Diante de tantas dificuldades para conseguir acompanhar as aulas e o conteúdo, Paulo lembra de  um constrangimento que passou por não saber pronunciar nem escrever o nome do principal teórico do curso. “Você ouve, mas não está vendo a escrita. Pede para o computador lê, mas é aquela leitura mecânica. Eu suspeitava de que estava errado”. Essa situação, ele afirma que com “o NAC começou a melhorar”. 

“O NAC se efetivou na Ufal desde 2013, mas, estruturalmente, veio dar uma melhorada a partir de 2016. Então, até 2016, eu vinha lutando com essas dificuldades de conteúdo adaptado. O processo de estudo do deficiente visual tem muita base na escuta do conteúdo”, argumenta. Segundo Paulo, por meio do Núcleo, ele conseguiu “acompanhante que lia as provas, escrevia minhas respostas, fazia uma mediação junto à professora e apoiava também na locomoção”. 

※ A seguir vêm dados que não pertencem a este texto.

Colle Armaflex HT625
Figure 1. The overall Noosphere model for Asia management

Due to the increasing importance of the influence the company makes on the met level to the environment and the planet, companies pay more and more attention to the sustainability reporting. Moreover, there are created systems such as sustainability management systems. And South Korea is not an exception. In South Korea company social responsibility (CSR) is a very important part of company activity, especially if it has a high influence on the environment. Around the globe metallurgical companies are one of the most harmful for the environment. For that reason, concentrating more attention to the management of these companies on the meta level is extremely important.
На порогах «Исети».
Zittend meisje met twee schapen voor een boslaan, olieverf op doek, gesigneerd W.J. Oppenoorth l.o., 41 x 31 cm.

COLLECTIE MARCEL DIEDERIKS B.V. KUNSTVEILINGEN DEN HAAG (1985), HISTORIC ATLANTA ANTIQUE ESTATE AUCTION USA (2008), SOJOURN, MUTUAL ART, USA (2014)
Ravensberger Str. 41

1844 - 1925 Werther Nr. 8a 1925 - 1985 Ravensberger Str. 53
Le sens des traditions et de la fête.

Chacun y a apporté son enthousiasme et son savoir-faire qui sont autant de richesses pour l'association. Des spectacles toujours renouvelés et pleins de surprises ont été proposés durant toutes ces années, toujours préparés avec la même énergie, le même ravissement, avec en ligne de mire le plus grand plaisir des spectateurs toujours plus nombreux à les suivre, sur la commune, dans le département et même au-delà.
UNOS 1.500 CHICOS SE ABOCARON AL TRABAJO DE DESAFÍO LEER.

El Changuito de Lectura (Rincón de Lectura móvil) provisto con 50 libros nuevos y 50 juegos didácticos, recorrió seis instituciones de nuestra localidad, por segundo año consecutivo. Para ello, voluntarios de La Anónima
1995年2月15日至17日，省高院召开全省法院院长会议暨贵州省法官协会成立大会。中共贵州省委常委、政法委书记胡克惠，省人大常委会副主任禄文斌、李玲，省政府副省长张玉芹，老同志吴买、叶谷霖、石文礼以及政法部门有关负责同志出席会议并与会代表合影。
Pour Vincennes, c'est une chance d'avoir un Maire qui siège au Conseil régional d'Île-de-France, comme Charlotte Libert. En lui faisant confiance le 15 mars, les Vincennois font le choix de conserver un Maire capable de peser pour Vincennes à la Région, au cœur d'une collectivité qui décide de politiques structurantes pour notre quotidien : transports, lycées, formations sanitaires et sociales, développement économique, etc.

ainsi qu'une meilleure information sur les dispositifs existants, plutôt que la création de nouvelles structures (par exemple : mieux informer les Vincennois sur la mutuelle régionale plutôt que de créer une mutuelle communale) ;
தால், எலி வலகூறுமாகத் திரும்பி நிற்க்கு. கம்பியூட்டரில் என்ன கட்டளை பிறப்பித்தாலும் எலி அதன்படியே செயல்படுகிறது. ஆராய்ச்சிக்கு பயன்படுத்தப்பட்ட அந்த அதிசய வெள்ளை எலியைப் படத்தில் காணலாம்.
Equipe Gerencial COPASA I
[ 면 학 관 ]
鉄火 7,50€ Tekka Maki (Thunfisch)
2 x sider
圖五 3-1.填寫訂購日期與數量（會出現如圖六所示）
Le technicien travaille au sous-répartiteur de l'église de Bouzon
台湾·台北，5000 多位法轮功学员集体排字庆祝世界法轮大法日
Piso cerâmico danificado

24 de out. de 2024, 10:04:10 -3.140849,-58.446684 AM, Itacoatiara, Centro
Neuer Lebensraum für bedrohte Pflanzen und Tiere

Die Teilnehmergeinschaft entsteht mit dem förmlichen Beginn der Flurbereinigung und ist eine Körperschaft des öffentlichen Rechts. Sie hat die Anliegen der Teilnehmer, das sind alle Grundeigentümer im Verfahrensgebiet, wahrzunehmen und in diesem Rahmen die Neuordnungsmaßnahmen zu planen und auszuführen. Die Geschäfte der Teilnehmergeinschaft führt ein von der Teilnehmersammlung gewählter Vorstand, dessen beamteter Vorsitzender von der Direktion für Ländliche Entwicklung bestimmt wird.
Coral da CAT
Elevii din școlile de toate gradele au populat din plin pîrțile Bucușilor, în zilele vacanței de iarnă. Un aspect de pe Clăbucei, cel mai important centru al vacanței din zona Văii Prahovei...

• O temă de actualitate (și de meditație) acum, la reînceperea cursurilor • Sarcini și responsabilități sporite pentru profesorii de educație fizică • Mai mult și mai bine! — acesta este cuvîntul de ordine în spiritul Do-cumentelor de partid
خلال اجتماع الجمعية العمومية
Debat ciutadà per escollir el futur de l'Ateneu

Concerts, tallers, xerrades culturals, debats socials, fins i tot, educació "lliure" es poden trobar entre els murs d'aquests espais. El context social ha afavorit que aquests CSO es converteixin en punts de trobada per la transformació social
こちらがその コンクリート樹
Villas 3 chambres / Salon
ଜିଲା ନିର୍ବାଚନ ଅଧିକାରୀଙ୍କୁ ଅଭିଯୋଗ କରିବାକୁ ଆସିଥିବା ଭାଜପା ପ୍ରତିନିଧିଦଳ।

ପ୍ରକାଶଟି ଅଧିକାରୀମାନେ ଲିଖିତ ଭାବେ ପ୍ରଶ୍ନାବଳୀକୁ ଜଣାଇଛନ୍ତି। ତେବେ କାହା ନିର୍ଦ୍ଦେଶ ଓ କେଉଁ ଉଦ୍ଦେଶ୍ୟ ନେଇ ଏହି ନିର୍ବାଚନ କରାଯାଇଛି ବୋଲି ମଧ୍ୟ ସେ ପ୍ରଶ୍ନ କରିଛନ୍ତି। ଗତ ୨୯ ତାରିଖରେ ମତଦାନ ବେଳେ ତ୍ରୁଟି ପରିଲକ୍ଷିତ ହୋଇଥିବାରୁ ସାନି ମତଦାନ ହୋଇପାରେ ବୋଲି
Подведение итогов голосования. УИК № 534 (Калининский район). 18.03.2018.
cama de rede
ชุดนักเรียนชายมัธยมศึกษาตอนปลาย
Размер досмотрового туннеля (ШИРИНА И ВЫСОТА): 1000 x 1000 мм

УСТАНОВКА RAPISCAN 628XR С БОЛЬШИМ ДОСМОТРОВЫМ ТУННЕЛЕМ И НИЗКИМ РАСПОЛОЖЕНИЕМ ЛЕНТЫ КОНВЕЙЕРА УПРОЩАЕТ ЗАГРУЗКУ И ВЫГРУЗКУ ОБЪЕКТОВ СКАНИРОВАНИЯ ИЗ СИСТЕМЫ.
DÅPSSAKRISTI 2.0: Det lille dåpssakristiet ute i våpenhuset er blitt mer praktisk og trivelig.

Usuário dos serviços do Núcleo de Acessibilidade e consciente de sua importância, Paulo abordou o tema em seu Trabalho de Conclusão de Curso (TCC). O trabalho, explica, teve o “objetivo de trazer o NAC para a comunidade como um instrumento que viabiliza o processo acadêmico dos alunos”. De acordo com o mais novo assistente social, o espaço “era sempre em um local meio escondido, e no meu TCC defendo que ele seja tipo um cartão-postal da Ufal, pois universidade sem inclusão fica a desejar”. E destaca: “Seria importante que os alunos tivessem um convívio com esse núcleo para começar o processo de assimilação da deficiência a partir da universidade e, consequentemente, termos uma sociedade melhor, mais inclusiva, mais humanizada”.